A few things stand out to me. First, his median field goal percentage is very consistent over time, right around 46%. There is of course one exception: the current 2012-2013 season, where Kobe Bryant is shooting 50%. The interquartile range in the current season is on the lower end of his career, but it is consistent. The standard deviation of his field goal percentage is also roughly the same. But his shooting is much better. Kobe Bryant, at age 34, is playing the best season of his career if we are to look at accuracy. For a shooting guard, this is a good (but not perfect) measure to use.

The thought then occurred to me: maybe Kobe Bryant always shoots this well in the first 31 games of a season, and then it drops off. So I produced the same chart looking only at the first 31 games of each season.
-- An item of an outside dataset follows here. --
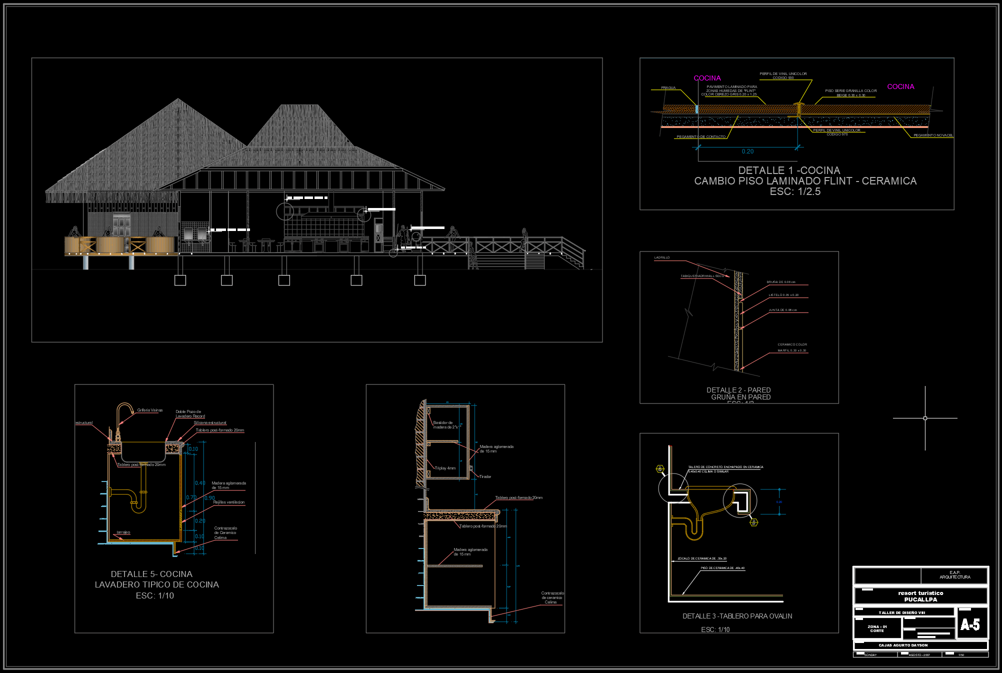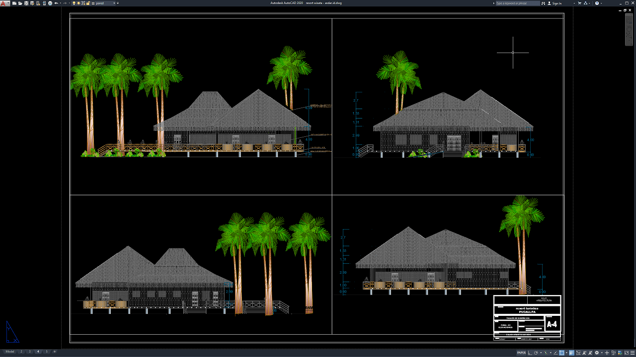 File yang saya bagikan kali ini menyajikan gambar resort yang cukup lengkap. Gambar terdiri dari denah, tampak, potongan, dan beberapa detail. Hanya sekedar untuk memberikan referensi pembelajaran ataupun acuan gambar kerja. Ini sangat bagus untuk pemula atau yang baru menekuni bidang arsitektur. Silahkan disesuaikan dengan gambar utamanya jika ingin membuat detail-detail lainnya, tentunya harus memahami dulu struktur dari resort yang lebih mengarah ke bangunan tradisional.

KBMedianFPG31Here the picture is a bit more nuanced. This season is still impressive in a few ways. He has shot this well for the first 31 games a few times before, but he has been much more consistent if we pay attention to the inter-quartile range. If we put weight on both the field goal percentage and the consistency, then this is still the best season of Kobe Bryant’s career. Of course, things could change dramatically over the course of an 82-game season, and none of this takes into account the many other factors that might be having an influence here. In any event, I’ve misjudged Kobe Bryant, at least this season.

Comparing Kobe Bryant and Lebron James maybe doesn’t make a lot of sense. Different players, different roles on the court, doing different things for their teams. But superstars are superstars.

LJMedianFGPWhat we see is pretty consistent improvement in shooting percentage over the course of Lebron’s 9 seasons. Recall that this area around the median is where 50% of his games have fallen into. What’s most remarkable is that this region, which I’m using as a measure of consistency, has narrowed considerably from the 2011-2012 season. Prior to the current season, the interquartile range (IQR, the top green bar minus the bottom gren bar) ranged from about 12 to 16 percentage points. In the first 31 games of the 2012-2013 season, this has dropped to about 9 percentage points.

Again, to check to see if this is not a feature of the first 31 games of every season, I look at only the first 31 games of each season.

LJMedianFPG31We again see shooting broadly similar to the previous season. But there’s a level of consistency that is really impressive.

LJSDIQR

There are many other things one has to look at: turnovers, assists, and of course wins and playoff outcomes. I’m aware there are many complicated statistical measures that do a good job at measuring the total impact of a player, but I just wanted to look at some basic questions on my own. I hope to explore more basketball data soon.